Trash villains and garbage superheros in popular media (just a taste)
I recently watched a TV episode with The Garbage Collector, the anti-hero in an “environmental slasher film.” The Garbage Collector was a monstrous figure who lived in a landfill and seemed to battle bad guys even though it wasn’t clear whether he was a bad guy or good guy himself. This ambiguity seems to be a trend.
There is a long tradition of trash fighting back in the form of TV and film characters from villains such as Hedorah in Godzilla Vs. The Smog Monster to the wise and matronly, sentient compost heap named Marjory from Fraggle Rock. In cases that the trash-character isn’t just outright gross, he/she/it is either an environmental payback (think, Stink Spirit in Spirited Away that was once a River Spirit, or Hexxus, the bad guy in Ferngully), or the character complicates the idea of dirty/clean and good guy/bad guy.

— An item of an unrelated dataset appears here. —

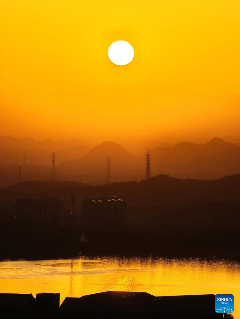 This photo taken on April 21, 2026 shows a view of the morning glow over Beijing, capital of China. (Photo by Zhong Yi/Xinhua)
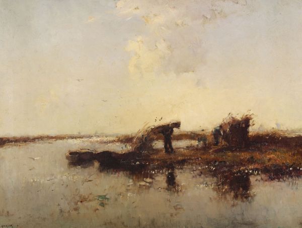 Boeren met rietschoven aan de waterkant

Marjory the Compost Heap discussing the difference between trash and “like new” discards and giving advice to a Fraggel who lost his lucky bottle cap.
In The Tick vs Filth, for example, a group of articulate Herculean sewer workers ask The Sewer Urchin, a superhero, for help battling a corrupt former Solid Waste Commissioner now known as the Sewer Czar whose master plan is to send his Filth minions through each facet, drain and sink in the city. The heroic folksy Sewer Urchin is a freegan and wipes his feet at the entrance to his sewer-apartment while the Sewer Czar is corrupt and imperialistic (though it all turns out well in the end). Thus, a spectrum of dirty and clean, good and evil battle each other to breakdown dichotomies.
Much of this list of trash-characters is taken from a much longer one at “Trash Fights Back: The scariest monsters made of garbage!“.